*INPUT DATA*:
—————
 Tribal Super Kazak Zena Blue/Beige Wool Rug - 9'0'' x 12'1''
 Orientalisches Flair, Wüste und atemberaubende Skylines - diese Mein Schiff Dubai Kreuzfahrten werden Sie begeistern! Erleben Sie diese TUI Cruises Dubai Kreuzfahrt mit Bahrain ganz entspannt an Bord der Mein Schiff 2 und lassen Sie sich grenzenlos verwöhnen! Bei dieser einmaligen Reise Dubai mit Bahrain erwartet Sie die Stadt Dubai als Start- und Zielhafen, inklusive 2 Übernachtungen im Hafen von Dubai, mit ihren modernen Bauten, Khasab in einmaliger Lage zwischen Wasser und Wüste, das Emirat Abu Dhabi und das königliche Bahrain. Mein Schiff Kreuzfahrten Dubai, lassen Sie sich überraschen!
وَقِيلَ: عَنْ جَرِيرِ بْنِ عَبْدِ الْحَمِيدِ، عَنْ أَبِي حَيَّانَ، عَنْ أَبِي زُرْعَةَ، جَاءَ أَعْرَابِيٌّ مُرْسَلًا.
—————
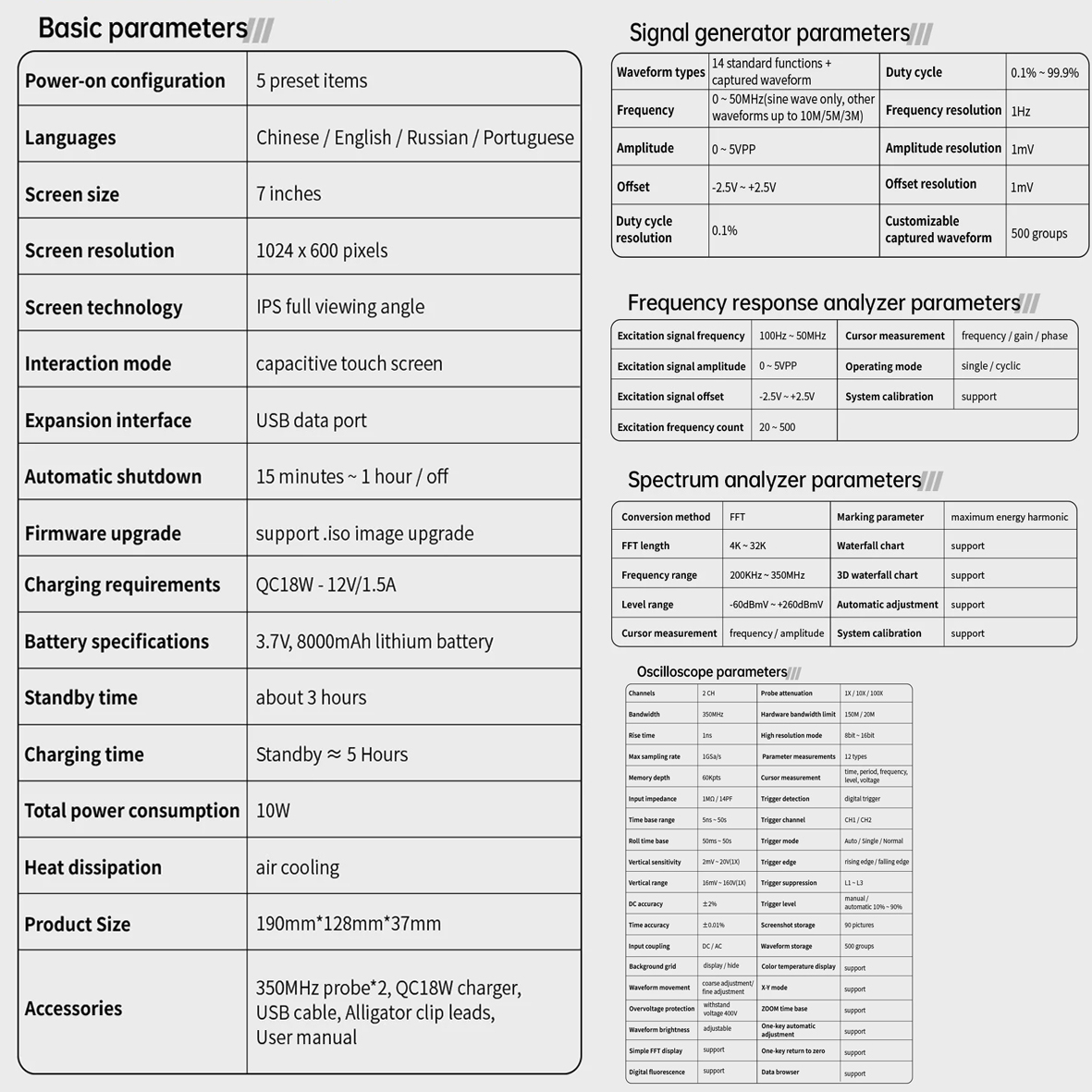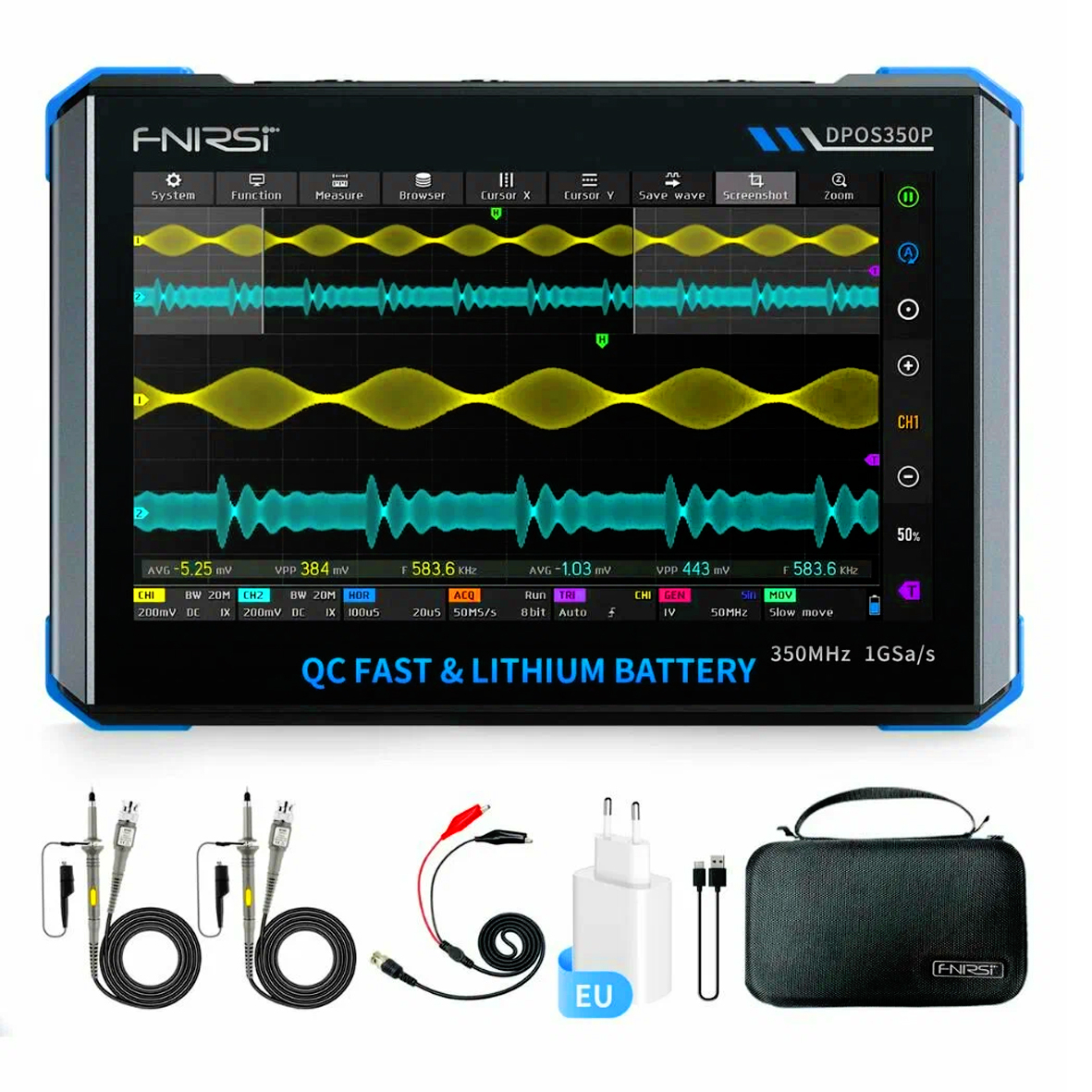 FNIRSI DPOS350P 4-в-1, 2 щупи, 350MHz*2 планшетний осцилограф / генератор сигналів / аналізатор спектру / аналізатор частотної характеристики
—————
*ACTIVITY*: Repeat word for word the lines above that run from the line containing "Orientalisches Flair, Wüste" through the line containing "وَقِيلَ: عَنْ جَرِيرِ", both ends included, and nothing else.

*FINAL ANSWER*:
 Orientalisches Flair, Wüste und atemberaubende Skylines - diese Mein Schiff Dubai Kreuzfahrten werden Sie begeistern! Erleben Sie diese TUI Cruises Dubai Kreuzfahrt mit Bahrain ganz entspannt an Bord der Mein Schiff 2 und lassen Sie sich grenzenlos verwöhnen! Bei dieser einmaligen Reise Dubai mit Bahrain erwartet Sie die Stadt Dubai als Start- und Zielhafen, inklusive 2 Übernachtungen im Hafen von Dubai, mit ihren modernen Bauten, Khasab in einmaliger Lage zwischen Wasser und Wüste, das Emirat Abu Dhabi und das königliche Bahrain. Mein Schiff Kreuzfahrten Dubai, lassen Sie sich überraschen!
وَقِيلَ: عَنْ جَرِيرِ بْنِ عَبْدِ الْحَمِيدِ، عَنْ أَبِي حَيَّانَ، عَنْ أَبِي زُرْعَةَ، جَاءَ أَعْرَابِيٌّ مُرْسَلًا.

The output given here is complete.